Data blocks are used to declare variables read in as data . In our case , We have the result vector (y) And prediction matrix (X). When a matrix or vector is declared as a variable , You need to specify the dimensions of the object at the same time . therefore , We will also read the number of observations (N) And the number of predictors (K).

The variables declared in the parameter block are the variables that will be Stan Sampled variables . In the case of linear regression , The parameter of interest is the intercept term (alpha) And the coefficient of the predictor (beta). Besides , And the error term ,sigma.

The model block is where the variable probability declaration is defined . ad locum , We specify that the target variable has a normal distribution , The average value is α+X*β, The standard deviation is sigma.

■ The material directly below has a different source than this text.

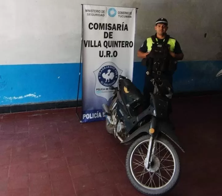 Personal policial de la Comisaría de Villa Quinteros recuperó una motocicleta que registraba pedido de secuestro por una causa de robo de motovehículo, durante un control preventivo realizado este miércoles en esa localidad.

In this block , You can also specify a priori distribution of parameters . By default , The parameter is given a flat ( Non informative ) transcendental .

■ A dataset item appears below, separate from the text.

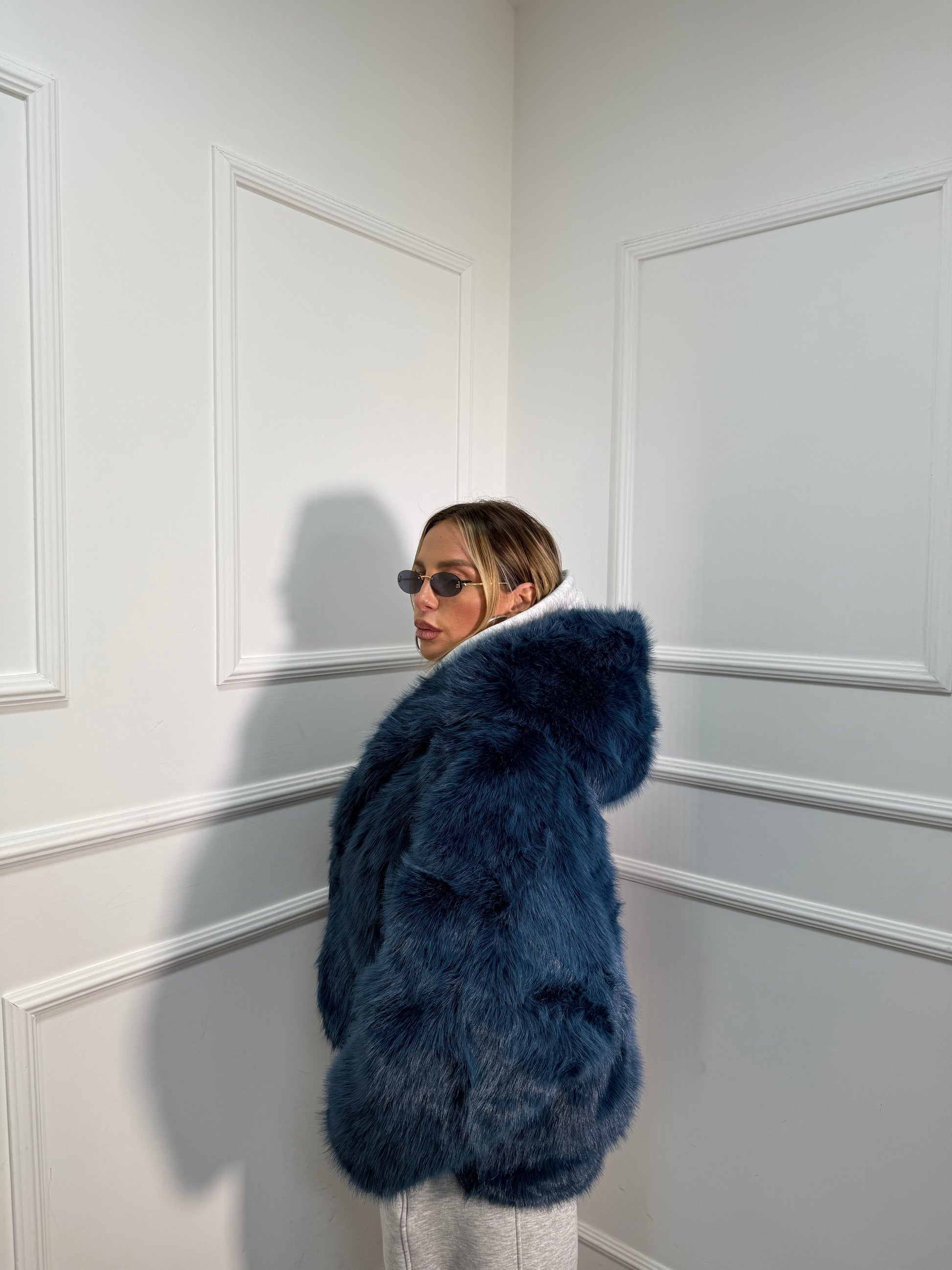 EcoPelliccia modello over con pelo morbido ,gancio da chiusura tasche e cappuccio

Besides , There are also some optional blocks : function 、 Converted data 、 Parameters converted and number generated .

Next , We need to Stan The program formats our data in the desired way .stan() The function requires data to be passed in as a named list , The elements are the variables you define in the data block . For this program , We create an element for N、K、X and Y A list of .

N = 32,
K = 10,
X = predictors,
y = mpg
  • 1.
  • 2.
  • 3.
  • 4.
  • 5.
  • 6.

Now we have our code and data ready , We pass them on to the function to fit the model .

  • 1.

Output similar summary statistics , Include the average value of each parameter 、 Standard deviation and magnitude . These results may be similar but not identical . Why they are different , Because the statistics are calculated based on a posteriori random sampling .

Evaluate convergence

When using MCMC When fitting a model , It is important to check whether the chain converges . We recommend visualization to visually check MCMC Diagnostic results of . We'll create a track map ,Rhat Value diagram .

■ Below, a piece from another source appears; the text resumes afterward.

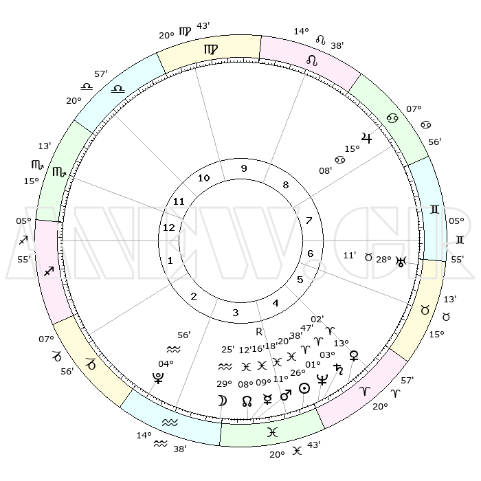 | | ΘΕΣΕΙΣ ΠΛΑΝΗΤΩΝ ΑΣΤΡΟΛΟΓΙΚΟΥ ΧΑΡΤΗ ΤΗΣ ΣΤΙΓΜΗΣ ΑΥΤΗΣ | | | | Πλανήτης | Ζώδιο | Μοίρες | Δεκαήμ. | Σε οίκο | Απόκλιση | | Ακμές των οίκων | | Ηλιος | Ιχθείς | 26°17' | Τρίτο | 4 | 01 S 29 | | 1ος | 21°18' | Σκορπιός | | Σελήνη | Υδροχόος | 28°46' | Τρίτο | 3 | 12 S 47 | | 2ος | 21°23' | Τοξότης | | Ερμής | Ιχθείς | 09°17'R | Πρώτο | 4 | 06 S 16 | | 3ος | 25°43' | Αιγόκερως | | Αφροδίτη | Κριός | 12°58' | Δεύτερο | 5 | 04 N 12 | | 4ος | 01°24' | Ιχθείς | | Αρης | Ιχθείς | 11°15' | Δεύτερο | 4 | 08 S 21 | | 5ος | 03°21' | Κριός | | Δίας | Καρκίνος | 15°08' | Δεύτερο | 8 | 22 N 56 | | 6ος | 29°35' | Κριός | | Κρόνος | Κριός | 03°47' | Πρώτο | 5 | 00 S 27 | | 7ος | 21°18' | Ταύρος | | Ουρανός | Ταύρος | 28°10' | Τρίτο | 7 | 19 N 35 | | 8ος | 21°23' | Δίδυμοι | | Ποσειδώνας | Κριός | 01°38' | Πρώτο | 4 | 00 S 33 | | 9ος | 25°43' | Καρκίνος | | Πλούτωνας | Υδροχόος | 04°56' | Πρώτο | 3 | 22 S 49 | | 10ος | 01°24' | Παρθένος | | Β. Δεσμός | Ιχθείς | 08°12' | Πρώτο | 4 | 08 S 29 | | 11ος | 03°21' | Ζυγός | | Ωροσκόπος | Σκορπιός | 21°18' | Τρίτο | | | 12ος | 29°35' | Ζυγός | | Μεσουράνημα | Παρθένος | 01°24' | Πρώτο | | | |

First , Let's create a trajectory diagram . The trajectory shows MCMC Sampling values of parameters during iteration . If the model has converged , Then the trajectory should look like a random scatter around the average . If the chain winds in parameter space , Or the chain converges to different values , That proves a problem . Let's demonstrate . 

  • 1.
  • 2.


These trajectories show that , Both models have converged . For all parameters , All four chains are mixed , There is no obvious trend .

Next , We will check Rhat value .Rhat It is a convergence diagnosis method , It compares the parameter estimates of each chain . If the chain has converged and mixed well , that Rhat The value should be close to 1. If the chain does not converge to the same value , that Rhat Value will be greater than 1.Rhat The value is 1.05 Or higher , It shows that there is a convergence problem .rhat() The function needs a Rhat The vector of values as input , So we first extract Rhat value .

 rhat() +
  • 1.
  • 2.


be-all Rhat Values are lower than 1.05, It shows that there is no convergence problem .

Stan It is a powerful tool for building Bayesian models , These bags make R Users can easily use Stan.



The most popular insights


版权声明:本文为[Extension end assistant]所创,转载请带上原文链接,感谢。